Thursday, December 16, 2004

The White Noise Movie Site

The official White Noise movie website (see it here) is typical of the modern pre-release hollywood site. Lots of Flash and cool fancy graphics on the splash page with a list of needed plugins. But bandwidth issues will not deter me and I'm sure I have the latest players so I bravely venture on.

As I watch the countdown while the Flash player loads, I wonder again if this is another Blair Witch Project. I spent a night on their website the first time I saw the TV ad too and at first glance their "found footage" seemed pretty real. Their website had lot's of "evidence", a great story and a few experts to boot. For the first week I, like everyone else, thought this looked real until the story broke it was purely well crafted fiction and a clever marketing department.

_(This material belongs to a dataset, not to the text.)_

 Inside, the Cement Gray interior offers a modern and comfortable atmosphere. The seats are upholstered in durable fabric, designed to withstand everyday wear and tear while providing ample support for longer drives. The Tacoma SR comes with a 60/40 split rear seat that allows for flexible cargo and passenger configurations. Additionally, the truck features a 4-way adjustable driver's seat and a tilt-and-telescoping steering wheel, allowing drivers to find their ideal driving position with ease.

At first glance though, you realize White Noise will be different. This is obviously a movie where paranormal activity is simply used in the plot to help give everyone a good scare. There will be no "actual footage" here and with Michael Keaton as the lead, it would be hard to pass this off as any type of "reality movie".

Michael Keaton plays architect Jonathan Rivers who is devastated by the disappearance and death of his wife, Anna (Chandra West). Jonathan is contacted by a man (Ian McNeice), who says he is receiving messages from Anna through EVP (Electronic Voice Phenomenon), the process through which the dead communicate with the living through household recording devices. At first skeptical, as any lawyer would be, Jonathan is soon convinced the messages are genuine and becomes obsessed with contacting his wife on his own. As he explores further into the world of EVP, he of course opens the door to some other dimension where something evil is lurking to scare us all to death. Standard horror movie fare.

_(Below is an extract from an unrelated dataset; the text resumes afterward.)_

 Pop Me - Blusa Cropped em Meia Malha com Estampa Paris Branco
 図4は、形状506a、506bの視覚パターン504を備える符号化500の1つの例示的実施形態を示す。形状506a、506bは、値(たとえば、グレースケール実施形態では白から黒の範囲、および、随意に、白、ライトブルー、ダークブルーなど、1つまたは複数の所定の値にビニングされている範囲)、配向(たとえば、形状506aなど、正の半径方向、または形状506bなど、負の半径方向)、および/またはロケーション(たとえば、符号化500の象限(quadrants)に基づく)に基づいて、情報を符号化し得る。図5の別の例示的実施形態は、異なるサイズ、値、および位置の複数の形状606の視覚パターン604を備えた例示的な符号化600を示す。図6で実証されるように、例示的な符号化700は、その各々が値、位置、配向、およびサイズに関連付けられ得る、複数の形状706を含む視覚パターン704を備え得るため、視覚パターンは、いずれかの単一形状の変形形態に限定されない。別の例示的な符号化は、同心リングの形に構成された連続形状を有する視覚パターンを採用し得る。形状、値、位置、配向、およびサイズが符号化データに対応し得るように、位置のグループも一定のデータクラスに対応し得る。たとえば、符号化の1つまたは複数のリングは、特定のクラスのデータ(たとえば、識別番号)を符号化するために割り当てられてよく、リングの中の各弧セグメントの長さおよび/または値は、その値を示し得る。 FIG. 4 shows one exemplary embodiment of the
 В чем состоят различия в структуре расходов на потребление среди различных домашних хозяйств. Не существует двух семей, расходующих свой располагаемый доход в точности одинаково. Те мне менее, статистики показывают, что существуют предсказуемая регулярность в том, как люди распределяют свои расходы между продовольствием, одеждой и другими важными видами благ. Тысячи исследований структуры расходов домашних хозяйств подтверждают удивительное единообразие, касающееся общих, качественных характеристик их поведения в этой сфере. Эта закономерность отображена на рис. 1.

I'm no expert, but I have always been interested in the paranormal and was surprised I had never heard of EVP before. Ok, I figure, a few ghost hunters said they recorded some things and some aspiring script writer took the idea and ran with it. The three samples on the White Noise movie site were very clear and must have been manufactured by a special effects team. There is no way any real recordings of the dead, if even possible, could be that clear.

I would soon learn otherwise as I continue my journey into the paranormal possibilities of regular old white noise.